Practical bioinformatics
I found a severe lack of information on bioinformatics in the Russian segment. I don’t know whether it is in demand or not, but I want to provide the reader with an introductory part, which can be called practical bioinformatics, which I really did not have enough to familiarize myself with the subject. In this chapter I want to describe the path that I have had to go to the present moment, when I no longer shy away from phrases: here's a FASTQ file for you and build me a bed graph for the genome browser. In order to continue to talk about interesting things, I want to go diagonally through definitions and primary data processing programs, without which it is difficult to speak the same language.
First, a few definitions. We assume that chromosomes are one-dimensional coordinate axes, from unity to about 10e8. The length of the axis depends on the length of the chromosome. Each axis point is an integer. Biologists and chemists conducted a large number of experiments and thanks to them they were able to describe parts of chromosomes with great accuracy (about 90%). These descriptions are called annotations. The abstract contains information on the length of chromosomes, on the coordinates of individual sections of chromosomes, the most known of which are the gene, intron , exon. There are a huge number of these sections, but their main property is that these are segments or a set of segments located on the coordinate axis. Some segments may include others or intersect in some way. Here is a set of sites where you can see annotations of the genomes of man, mouse and the like.
Biologists with chemists conduct their experiments and as a result of their operations on cells, they get a solution that contains relatively small pieces of DNA or RNA (I don’t really want to go into the details of the difference or the same, just a sequence of nucleotides) This solution is passed through a sequencing apparatus, the output of which is small lines. These lines are the ends of pieces of DNA or RNA in solution. The length of the strings obtained from the equipment is only 36-50 bases (the length of the string in nucleotides) is sometimes longer, but at the moment it seems to be no more than 200. These segments, obtained from sequencing equipment and determined by the nucleotide sequence, are called reads (from English reads - “ reading"). It is worth noting that the reads are characterized only by the sequence of nucleotides, and not by the location on the genome. Sometimes these sequences are supplemented by a string of probabilities, corresponding to the position of the nucleotide, its probability of being in this position. FASTA file is a file with no probabilities, FASTQ is a file with probabilities.
Further, depending on what was the result of the experiment — pieces of DNA or RNA, one of the two ChIP-seq or RNA-seq sequencing techniques is performed , respectively. More details about them are here http://en.wikipedia.org/wiki/DNA_sequencing .

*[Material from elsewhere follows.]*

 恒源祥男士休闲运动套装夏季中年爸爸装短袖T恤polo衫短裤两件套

After the expensive sequencing machines work out and produce the result in the FAST A / Q file, it is necessary to find the resulting sequences in the genome. For ChIP-seq very quick search, possible in the home, the program does bowtie, found millions of reads in just 5 minutes. Those. she searches for an entry of a string of 36-50 characters in length, consisting of at least four alphabetic alphabets in strings with a total length of up to 10е9. Why is the turnover used at least: in addition to the standard use of the A / TG / C alphabet, the symbol N is often added to replace any possible letter (for more details http://genome.ucsc.edu/FAQ/FAQdownloads.html#download5) The program has many parameters. So, for example, you can resolve an error in a line (read) or two (up to a maximum of 3 errors). She can search not one occurrence of read in the genome, but many. It can slyly sort data, for example, if a read with one error was found unambiguously in the genome, and with two or three errors was found in many parts of the genome, then only the first result will be displayed. This process of finding reads in the genome is called mapping from English mapping (also called alignment). The algorithm for such a quick search is very interesting, but you can devote a separate article to this or find a linkto an English article from the developer's site, which tells how the bzip2 algorithm prompted them to such a solution. There are a lot of mapping programs and sites where they make it online; by the blast, eland + genome keywords in google you can find additional information.

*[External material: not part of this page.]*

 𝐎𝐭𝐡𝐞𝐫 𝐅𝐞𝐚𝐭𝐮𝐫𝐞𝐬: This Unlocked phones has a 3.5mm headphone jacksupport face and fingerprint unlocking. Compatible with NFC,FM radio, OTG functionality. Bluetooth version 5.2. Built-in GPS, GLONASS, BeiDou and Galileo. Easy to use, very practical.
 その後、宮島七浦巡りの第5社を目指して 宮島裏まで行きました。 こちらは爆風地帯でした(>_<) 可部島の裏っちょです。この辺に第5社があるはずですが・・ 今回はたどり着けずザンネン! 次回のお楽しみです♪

For RNA-seq, the procedure is a little more complicated, ChIP-seq mapping is performed for it, and then those reads that did not find themselves during ChIP-seq are processed. A good program that actively uses bowtie for its work is called tophat . As a result of splicing and isoformism generated by itparts of the read can be located in different parts of the genome. For example, the first 15 characters may be in one part of the genome, and the other 11 in another. This division of the read into parts at the end of one exon and the beginning of another is called splice-junctions. Tophat allows you to find them, and also identifies new possible isoforms of existing genes.

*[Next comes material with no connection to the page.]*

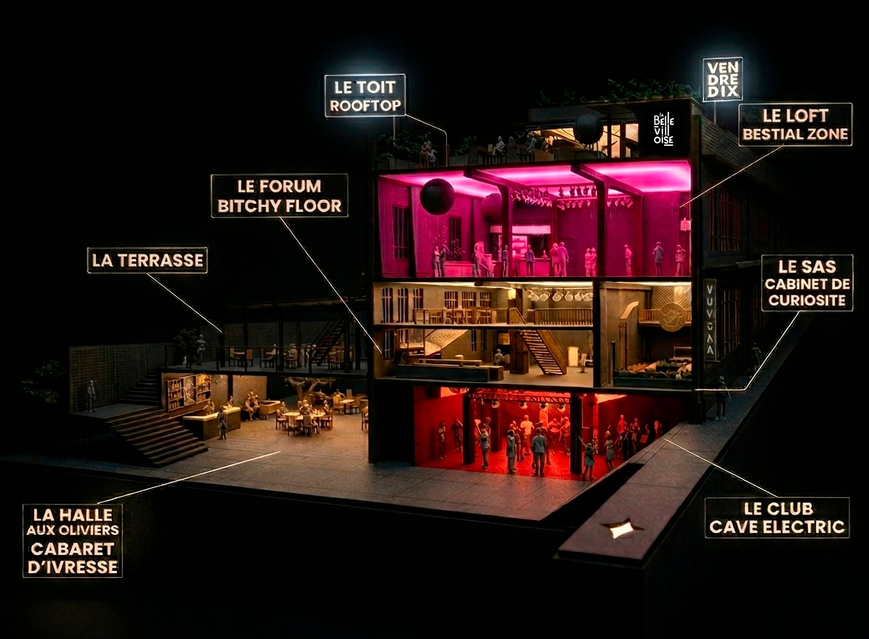 La Bellevilloise accueille VendrediXXL depuis plusieurs années, tous les deuxièmes vendredis de chaque mois, pour une soirée exceptionnelle, dans tous les étages de ce navire de la fête et de la culture du 20ieme arrondissement de Paris.

The result of these programs is sam / bama file containing information from the FAST A / Q file plus information about the coordinates on the corresponding helices of the chromosome. The process from the library to the sam / bam file is often called the pipeline procedure and in many laboratories stands on the stream, so you should ask what parameters and program versions are installed by default. In general, this is where the introductory part ends, then the turn of research comes. It can be noted that from now on we have data that are with some certainty in the same coordinates: coordinate axis, annotation, reads with the corresponding coordinates.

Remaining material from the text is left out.